──────── INPUT DATA

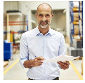
<sup>1</sup> 'GLS Group' and 'GLS' refer to all GLS Group entities, including those entities which do not carry the brand GLS in their names.
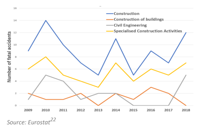
Figure 1: Number of fatal accidents in construction in Sweden

Although the Vision Zero Programme has not met its overall goal, Sweden consistently performs much better than the EU-27 average on two related indicators – the number of fatal accidents in construction and the number of accidents in construction in relation to the number of persons employed<sup>23</sup>.
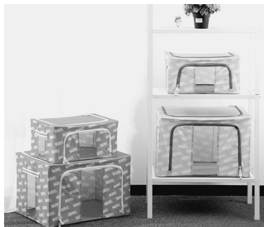
Marvel x Miniso wardrobe organizer bags are made of premium fabrics that are sturdy and stackable.
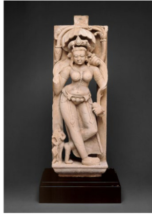
Fig. 2. Unknown, Celestial Beauty (Apsara) . 701-800 CE, Buff sandstone, 33 1/4 × 11 1/4 × 6 in., Art Institute of Chicago, Chicago, www.artic.edu/artworks/148372/celestial-beauty-apsara

In 65 CE, Buddhist art with Buddhism was imported from India to China through Chinese Turkestan (Xinjiang region). [5] Thus, the apsaras came to China and gradually became “flying apsaras”. Flying apsaras have a long history in China. The ancient record of flying apsaras refers to “Tianren”, which can be traced back to the Lalitavistara Sutra, [6] which Dharmaraksha translated during the Western Jin Dynasty (265-317 CE). The earliest Chinese word, Feitian , appeared in the Eastern Wei Dynasty in A Record of Buddhist Monasteries in Luo-Yang in 547 CE. [7] It refers to Buddhist celestial beings who sing, dance, or hold flower trays or incense burners dedicated to the Buddha. At this time, the image of the flying apsaras had already appeared in China and gradually spread to different regions in China with the development of Buddhist art. A large number of flying apsara images exists widely in China throughout the grottoes and temples at present, such as the Kizil Grottoes in Xinjiang region, the Mogao Grottoes in Gansu province, the Yungang Grottoes in Shanxi province, the Longmen Grottoes in Henan province, the Longxing Temple in Shandong province, and the Dazu Grottoes in Sichuan province.
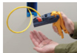
6. Wires will be seated and cut for a solid termination.
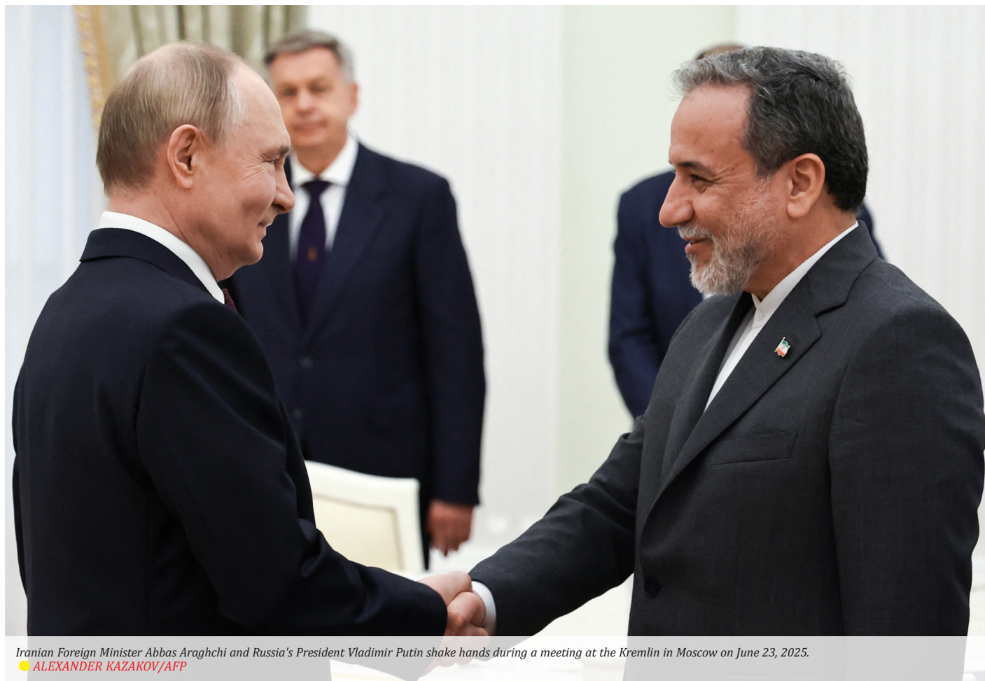
Iranian Foreign Minister Abbas Araghchi and Russia's President Vladimir Putin shake hands during a meeting at the Kremlin in Moscow on June 23, 2025.

Putin also said the Iranian foreign minister's visit to Moscow provided an opportunity to discuss the ways out of the current crisis in the West Asian region.

────────────────

TASK ITEM => Produce a verbatim transcription of every line in the listing, images omitted.

REPLY TO THE EXERCISE =>
<sup>1</sup> 'GLS Group' and 'GLS' refer to all GLS Group entities, including those entities which do not carry the brand GLS in their names.
Figure 1: Number of fatal accidents in construction in Sweden

Although the Vision Zero Programme has not met its overall goal, Sweden consistently performs much better than the EU-27 average on two related indicators – the number of fatal accidents in construction and the number of accidents in construction in relation to the number of persons employed<sup>23</sup>.
Marvel x Miniso wardrobe organizer bags are made of premium fabrics that are sturdy and stackable.
Fig. 2. Unknown, Celestial Beauty (Apsara) . 701-800 CE, Buff sandstone, 33 1/4 × 11 1/4 × 6 in., Art Institute of Chicago, Chicago, www.artic.edu/artworks/148372/celestial-beauty-apsara

In 65 CE, Buddhist art with Buddhism was imported from India to China through Chinese Turkestan (Xinjiang region). [5] Thus, the apsaras came to China and gradually became “flying apsaras”. Flying apsaras have a long history in China. The ancient record of flying apsaras refers to “Tianren”, which can be traced back to the Lalitavistara Sutra, [6] which Dharmaraksha translated during the Western Jin Dynasty (265-317 CE). The earliest Chinese word, Feitian , appeared in the Eastern Wei Dynasty in A Record of Buddhist Monasteries in Luo-Yang in 547 CE. [7] It refers to Buddhist celestial beings who sing, dance, or hold flower trays or incense burners dedicated to the Buddha. At this time, the image of the flying apsaras had already appeared in China and gradually spread to different regions in China with the development of Buddhist art. A large number of flying apsara images exists widely in China throughout the grottoes and temples at present, such as the Kizil Grottoes in Xinjiang region, the Mogao Grottoes in Gansu province, the Yungang Grottoes in Shanxi province, the Longmen Grottoes in Henan province, the Longxing Temple in Shandong province, and the Dazu Grottoes in Sichuan province.
6. Wires will be seated and cut for a solid termination.
Iranian Foreign Minister Abbas Araghchi and Russia's President Vladimir Putin shake hands during a meeting at the Kremlin in Moscow on June 23, 2025.

Putin also said the Iranian foreign minister's visit to Moscow provided an opportunity to discuss the ways out of the current crisis in the West Asian region.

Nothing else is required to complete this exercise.